Is there a significant advantage to short field names?


I’m wondering if there is a significant argument for choosing field names that are very short (ignoring arguments of clarity, since that would be irrelevant in my particular case). I have two questions:

  1. When saving nodes/edges internally, is the field name stored independently for each new node, or is the name stored as a string only once?

i.e. With the following two types:

type Type1 {
  sn: Int

type Type2 {
  longName: Int

If you have 1 million nodes of Type1 and 1 million nodes of Type2, will the storage capacity of the Type2 nodes be 6 million bytes more (1m * 6 bytes) or just 6 bytes more - approximately, excluding things like rounding up of memory blocks, pagination etc.?

  1. Assuming you’re getting data from the same field of 1000 nodes, will the field name be checked with something equivalent to strcmp (in C/C++) for each node (i.e. 1000 strcmp operations in total), or would the strcmp operation just be done once (presumably when parsing the DQL or just after), and some kind of efficient offset/lookup done that isn’t based on the actual field name as defined in the schema (perhaps using a uint64, say)?

Basically with the above questions I’m trying to determine if there is a multiplicative effect on memory and/or the processing based on field length and the number of nodes.

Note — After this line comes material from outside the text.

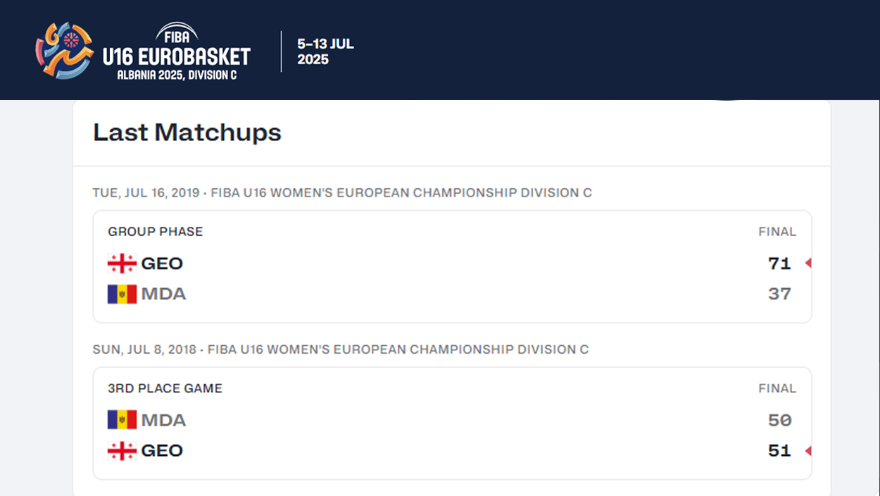 12 июля 2025 Чемпионат EuroBasket-2025 U16. Соперницами женской сборной Молдовы будет команда из Грузии. Начало игры 14:00.

Under the hood, the values are stored like this.

key = <follower, 0x01>
value = <0xab, 0xbc, 0xcd, ...>

key = <follower, 0x02>
value = <0xba8, 0xbc, 0x35, ...>

key = <follower, 0x03>
value = <0x01, 0x35, 0xa453, ...>

So, depending on the type of the predicate. It will be repeated on storage. About the impact, I personally have no clue maybe @ibrahim, @mrjn, or @Anurag might help.

See more in Graph Database White Paper | Dgraph

About the naming

Well, I personally would not be concern about this. I like the idea to have a human-friendly DB. Shorting the name isn’t friendly.

The length of the predicate name won’t have much impact on storage. @Naman had done an analysis with replacing predicates with uint64s or even uint32s, and found 1% difference in storage / computation optimization.


@MichelDiz @mrjn - Thank you both for your replies.